HOW TO COMPLETE THIS TASK => Somewhere below, one line contains "Hand Knitted Nordic Mittens With Owls" and a later line contains "Помимо редизайна линейки, бренд-менеджеры". Output those two lines and everything between them exactly, and nothing else.

DATA RECORDS =>
▬▬▬▬▬▬▬▬▬▬

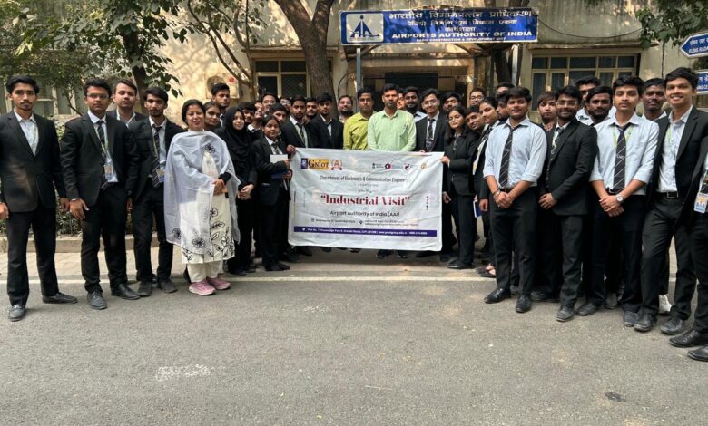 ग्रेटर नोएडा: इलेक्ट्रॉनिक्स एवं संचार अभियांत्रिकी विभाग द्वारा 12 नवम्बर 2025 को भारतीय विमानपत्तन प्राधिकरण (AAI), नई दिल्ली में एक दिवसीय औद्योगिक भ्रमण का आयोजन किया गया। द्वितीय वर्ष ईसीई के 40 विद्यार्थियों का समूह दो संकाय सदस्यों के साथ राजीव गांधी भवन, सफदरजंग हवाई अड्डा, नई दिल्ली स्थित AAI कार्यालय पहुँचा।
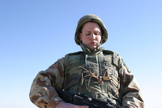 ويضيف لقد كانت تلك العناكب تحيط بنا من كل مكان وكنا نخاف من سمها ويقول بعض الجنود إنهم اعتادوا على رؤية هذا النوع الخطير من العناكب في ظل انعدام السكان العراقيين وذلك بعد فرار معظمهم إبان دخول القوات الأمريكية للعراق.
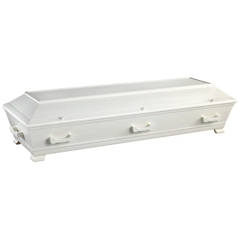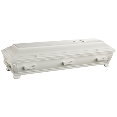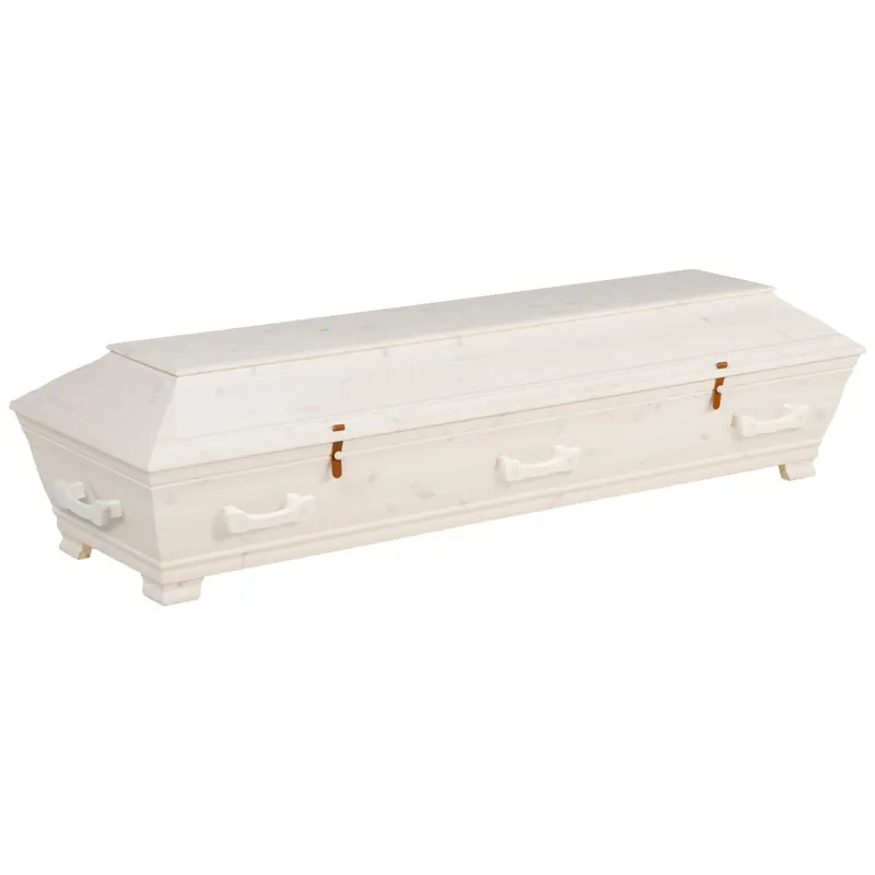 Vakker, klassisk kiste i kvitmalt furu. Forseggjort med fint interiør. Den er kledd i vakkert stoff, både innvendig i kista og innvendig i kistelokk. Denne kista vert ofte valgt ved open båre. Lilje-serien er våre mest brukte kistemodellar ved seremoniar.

▬▬▬▬▬▬▬▬▬▬

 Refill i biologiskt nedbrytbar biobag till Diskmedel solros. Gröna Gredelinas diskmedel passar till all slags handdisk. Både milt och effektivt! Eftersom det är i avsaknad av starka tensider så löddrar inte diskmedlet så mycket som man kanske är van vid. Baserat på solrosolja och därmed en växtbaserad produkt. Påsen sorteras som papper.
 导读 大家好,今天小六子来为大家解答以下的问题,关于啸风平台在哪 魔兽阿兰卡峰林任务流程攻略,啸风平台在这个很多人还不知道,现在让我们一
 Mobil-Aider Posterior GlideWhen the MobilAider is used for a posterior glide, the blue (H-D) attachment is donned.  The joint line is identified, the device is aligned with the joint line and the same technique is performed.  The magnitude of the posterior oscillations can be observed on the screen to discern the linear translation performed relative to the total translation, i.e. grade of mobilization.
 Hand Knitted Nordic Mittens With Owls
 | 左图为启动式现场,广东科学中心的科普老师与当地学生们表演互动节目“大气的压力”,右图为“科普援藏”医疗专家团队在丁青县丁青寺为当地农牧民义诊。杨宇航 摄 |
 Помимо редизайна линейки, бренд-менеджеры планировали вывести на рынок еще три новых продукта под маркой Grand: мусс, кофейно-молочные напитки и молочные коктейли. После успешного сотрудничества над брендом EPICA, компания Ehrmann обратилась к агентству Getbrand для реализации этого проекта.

▬▬▬▬▬▬▬▬▬▬

REPLY =>
 Hand Knitted Nordic Mittens With Owls
 | 左图为启动式现场,广东科学中心的科普老师与当地学生们表演互动节目“大气的压力”,右图为“科普援藏”医疗专家团队在丁青县丁青寺为当地农牧民义诊。杨宇航 摄 |
 Помимо редизайна линейки, бренд-менеджеры планировали вывести на рынок еще три новых продукта под маркой Grand: мусс, кофейно-молочные напитки и молочные коктейли. После успешного сотрудничества над брендом EPICA, компания Ehrmann обратилась к агентству Getbrand для реализации этого проекта.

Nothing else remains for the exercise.